= Turner Microphone Company =

American manufacturer of microphones

The Turner Microphone Company was an American manufacturer of microphones in Cedar Rapids, Iowa from 1931 to 1979. Turner operated as a small company but produced and sold many well made but modestly priced microphones. Many of the microphones they produced were general purpose bullet-style microphones and CB radio communications microphones. Many of the company's 1940s-1950s microphones had an Art Deco appearance.

==History==
The Turner Microphone company was founded by David Turner and Everett Foster in Cedar Rapids, Iowa in 1931. The company soon began making microphones and public address systems. Turner opened a larger factory in 1936 and produced a large quantity of microphones and grew to 1200 employees by the 1970s. The company was sold to Telex in 1978 and ceased operations in 1979.

==Notable models==
The Model 22 was a very popular microphone throughout the 1940s and 1950s which was offered with both a crystal and ceramic element. This model featured a brushed nickel finish and an art deco styling with Turner's distinctive shark fin on top.
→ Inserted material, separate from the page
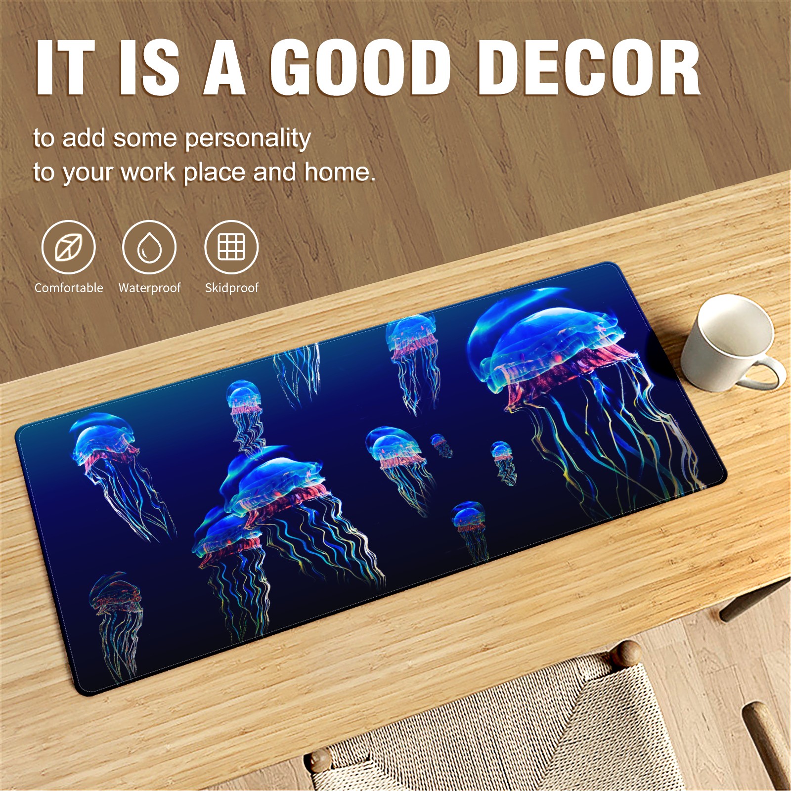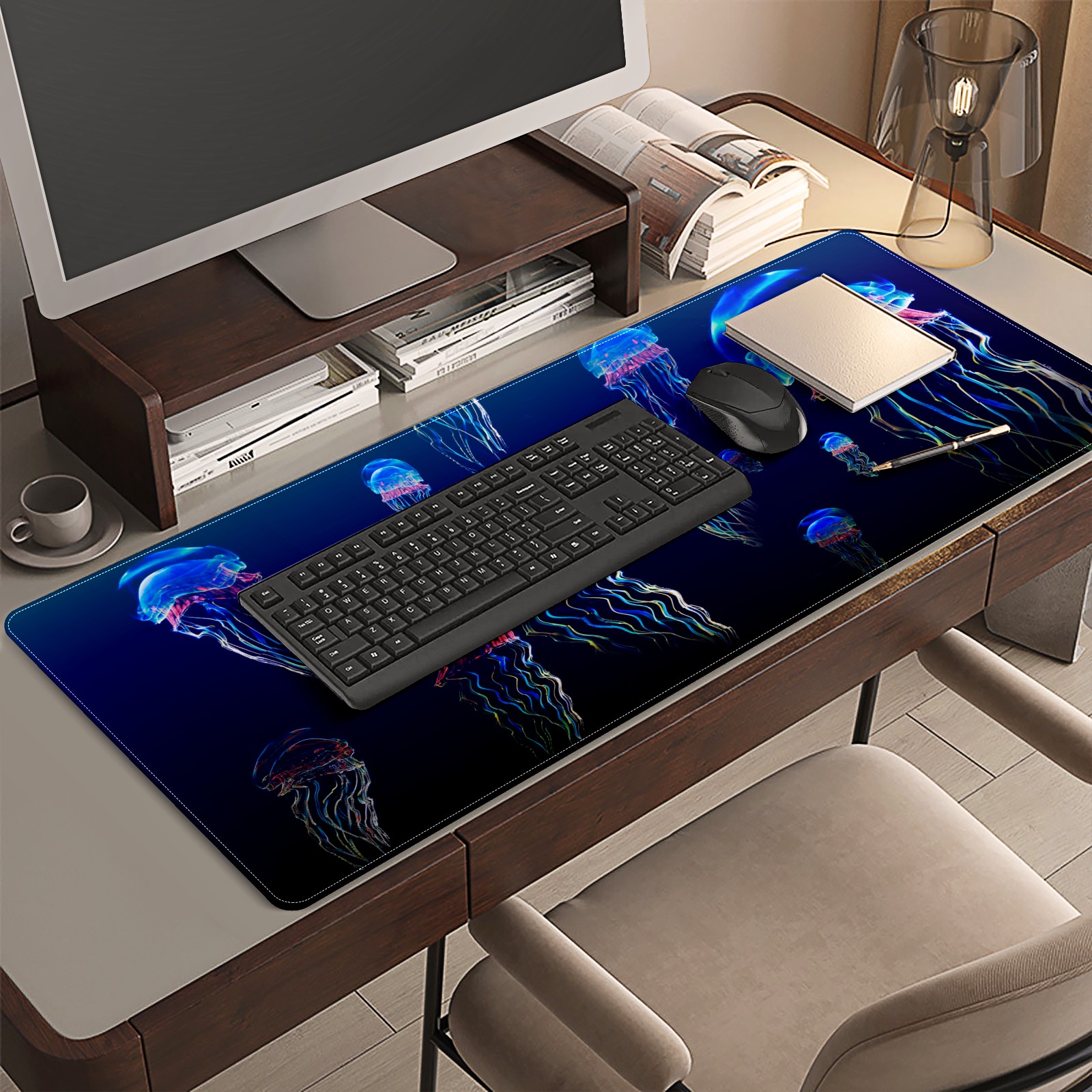 <p>This 35.4” × 15.7” extended desk mat offers ample space for your keyboard, mouse and essentials, working as a smooth work/writing pad while protecting your desktop from scratches.</p><p>With stylish artistic patterns, it adds personality to your home office, study or gaming setup. The high-density woven surface ensures precise, smooth mouse tracking for work and gaming.</p><p>Featuring an anti-slip natural rubber base for firm grip and stability, the mat is soft, elastic and odorless. Reinforced stitched edges prevent fraying and curling for long-lasting durability.</p>

The CD, BD, CX, Challenger was another very popular microphone of the era. This model featured an Art Deco styling with a distinctive “shark fin” on the top. It was produced from 1940 to 1948. The microphone was offered in both Brown and brushed Chrome with options of a crystal or dynamic element. The Challenger models have become highly sought after by collectors due to its styling and use by Blues harmonica players.

The Model 33 was a large chrome-finished microphone with an Art Deco styling offered in both a crystal and dynamic element. It was produced from the 1940s to the 1950s.